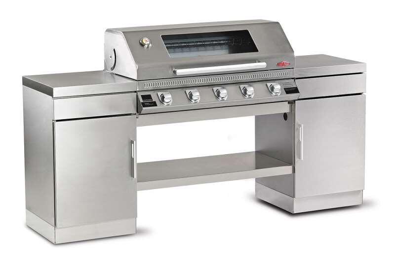 Grill med 4 brændere, 2 skabsmoduler samt bundhylde.
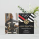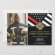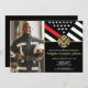 Cette conception comprend un drapeau de pompier avec des rayures noires et blanches, ainsi qu'une fine bande rouge. L'insigne d'un pompier est au-dessus de tous les détails du parti pour le pompier diplômé, qui est à côté d'une photo du nouveau diplômé de l'académie des incendies. Cette conception convient aussi bien à un pompier, à un lieutenant ou à une fête de retraite du chef qui prend sa retraite.
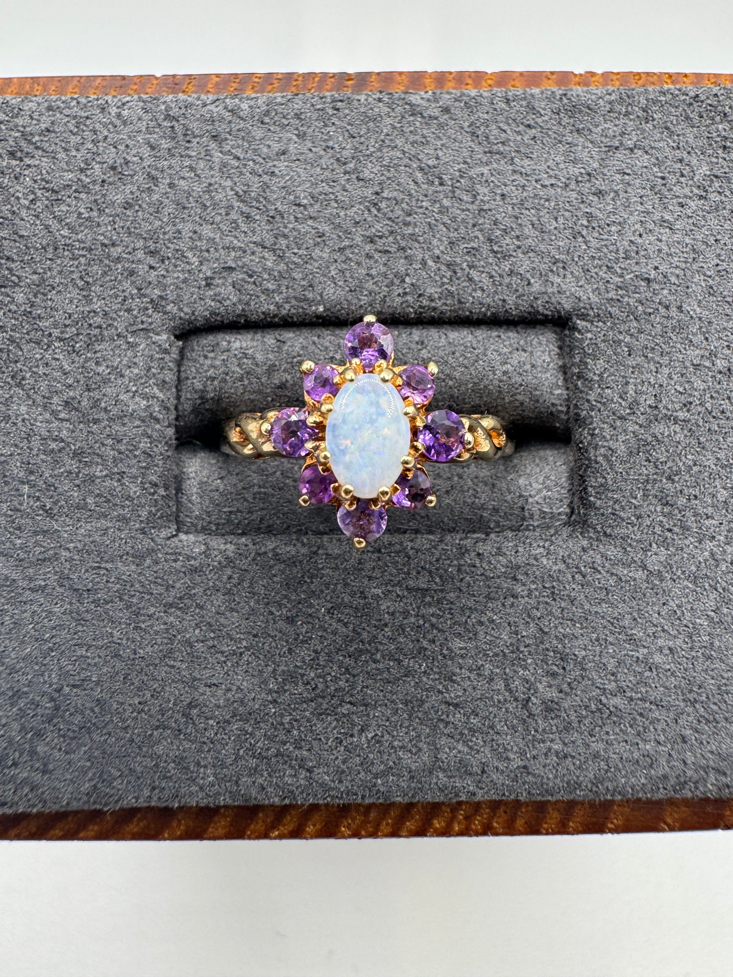 9ct gold opal and amethyst ring
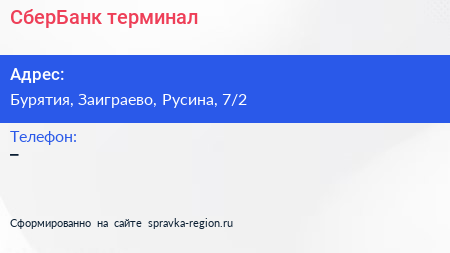 СберБанк, терминал по адресу Бурятия, Заиграево, Русина, 7/2 в дальнейшем Организация, размещена в следующих категориях:
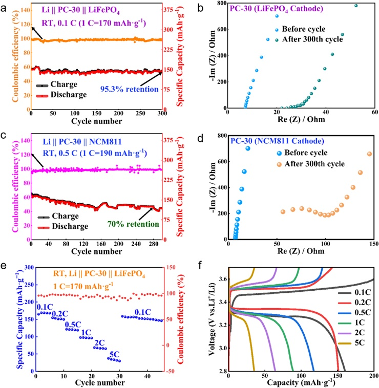 图 6. (a) Li||PC-30||LiFePO4 电池在室温下的性能。 (b) 300 次循环前后的 EIS。 (c) Li||PC-30||NCM811 电池在室温下的性能。 (d) 300 次循环前后的 EIS。 (e) Li||PC-30||LiFePO4电池在室温下不同倍率下的性能。 (f) 不同放大倍率下的容量保持率。
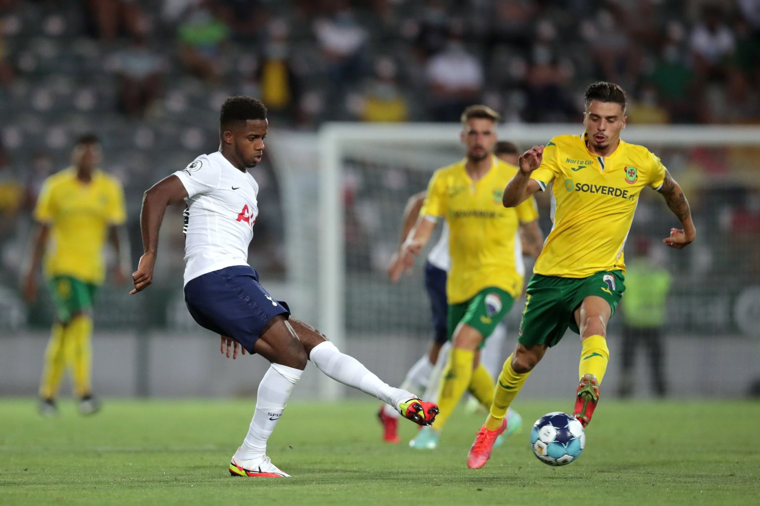 Pacos de Ferreira's Nuno Santos (right) in action against Tottenham's Ryan Sessegnon (left).
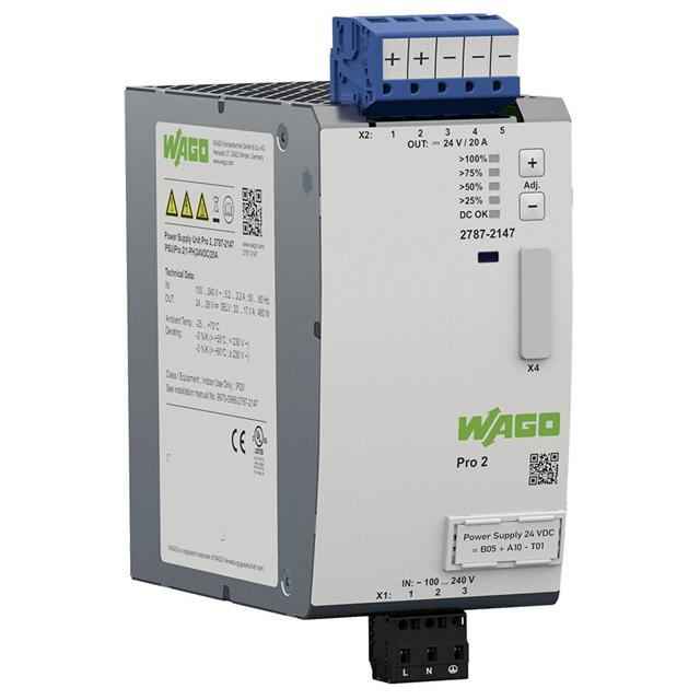This is manufactured by WAGO Corporation. The manufacturer part number is 2787-2147. It is assigned with possible HTSUS value of 8504.40.9530. The product is rohs3 compliant. It has a 24v output voltage. The product features power and watts of 480w. The maximum product's output current is 20a. It is approved by ce, ul. It carries ac or dc input type. The product is widely employed in laboratory. In addition, it is reach unaffected. It is a highly efficient product with an 95.4% of high efficiency. It has 240v of maximum DC input voltage. It is shipped in box package . While the minimum DC input voltage is 130v. The product's diameters include 5.12" l x 2.76" w x 5.12" h (130.0mm x 70.0mm x 130.0mm). It has a long 12 weeks standard lead time. 3.51 kv of isolation voltage. The product has an AC input voltage range of 90 ~ 264 vac. Its typical moisture sensitivity level is not applicable. The splendid features of the product include adjustable output, ip20, pfc, universal input. The product has -25°c ~ 70°c operating temperature range. Standard number include: 61010-1. Additionally, the product is supplied with 1 outputs. The product is designated with the ear99 code number.
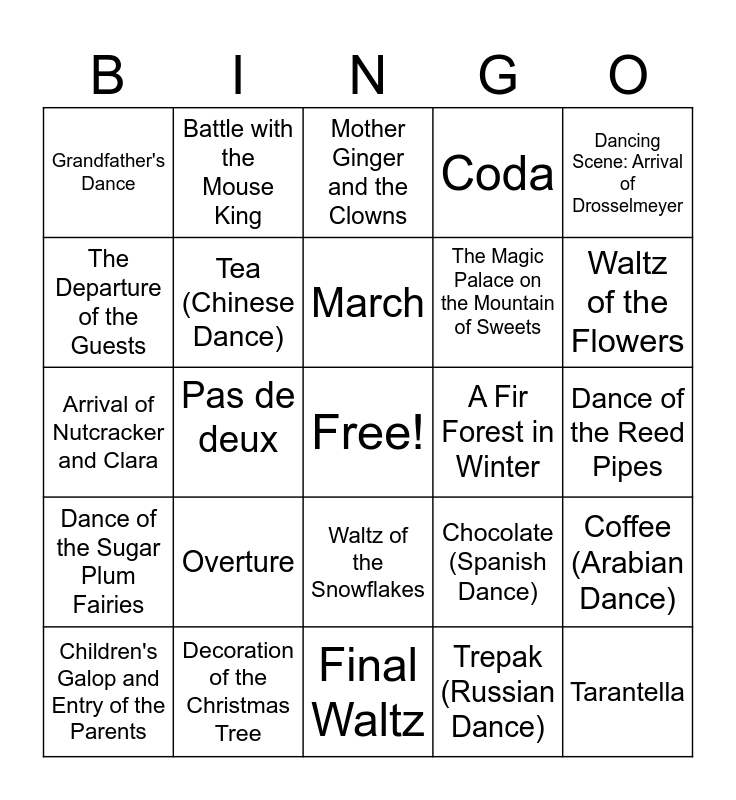 This bingo card has a free space and 24 words: Overture, Decoration of the Christmas Tree, March, Children's Galop and Entry of the Parents, Dancing Scene: Arrival of Drosselmeyer, Grandfather's Dance, The Departure of the Guests, Battle with the Mouse King, A Fir Forest in Winter, Waltz of the Snowflakes, The Magic Palace on the Mountain of Sweets, Arrival of Nutcracker and Clara, Chocolate (Spanish Dance), Coffee (Arabian Dance), Tea (Chinese Dance), Trepak (Russian Dance), Dance of the Reed Pipes, Mother Ginger and the Clowns, Waltz of the Flowers, Pas de deux, Tarantella, Dance of the Sugar Plum Fairies, Coda and Final Waltz.
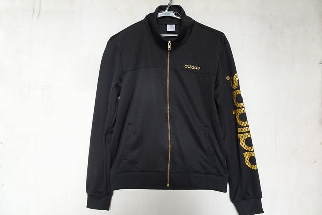 - adidas neo/アディダス/長袖トラックジャケット/ジャージ素材/前ジップアップ/左袖ブランドネームプリント/黒/ブラック/Mサイズ(9/10R7)
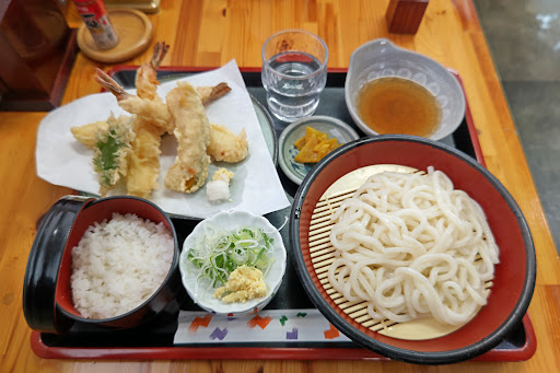 メニューは天ぷら定食をざるうどんで注文。お料理の提供は非常に早かったです。麺はやわらかめで、締めがしっかりされており喉越し良好。つゆも鰹の旨味が出ていて美味しかったです。天ぷらの品目は海老3尾・かぼちゃ・大葉の5点。ご飯と香物も付きますがお値段はかなり安価でした。
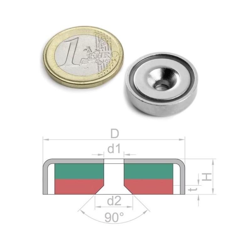 Iman en recipiente avellanado 20x6mm Neodimio FA-8.9 Kg
..........
● Your assignment
The material above holds pictures; leave them out and set down exactly the lines from the line with "СберБанк, терминал по" to the line with "Pacos de Ferreira's", both included.

● Solution
 СберБанк, терминал по адресу Бурятия, Заиграево, Русина, 7/2 в дальнейшем Организация, размещена в следующих категориях:
 图 6. (a) Li||PC-30||LiFePO4 电池在室温下的性能。 (b) 300 次循环前后的 EIS。 (c) Li||PC-30||NCM811 电池在室温下的性能。 (d) 300 次循环前后的 EIS。 (e) Li||PC-30||LiFePO4电池在室温下不同倍率下的性能。 (f) 不同放大倍率下的容量保持率。
 Pacos de Ferreira's Nuno Santos (right) in action against Tottenham's Ryan Sessegnon (left).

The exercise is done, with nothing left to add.